━━━━━ RECORDS FOR THE EXERCISE

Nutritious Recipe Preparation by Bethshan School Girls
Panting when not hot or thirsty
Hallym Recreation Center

━━━━━━━━━━
━━━━━ RECORDS FOR THE EXERCISE

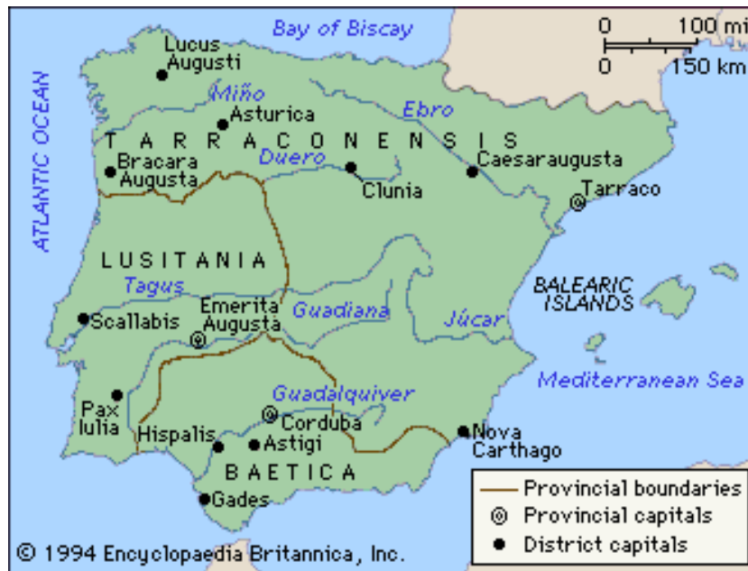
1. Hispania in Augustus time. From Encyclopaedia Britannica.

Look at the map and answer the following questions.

━━━━━━━━━━

REQUIREMENT:
In the listing above, find the line containing "Nutritious Recipe Preparation" and the line containing "Hallym Recreation Center", then retype both and every line between them exactly, with nothing else.

WRITTEN REPLY:
Nutritious Recipe Preparation by Bethshan School Girls
Panting when not hot or thirsty
Hallym Recreation Center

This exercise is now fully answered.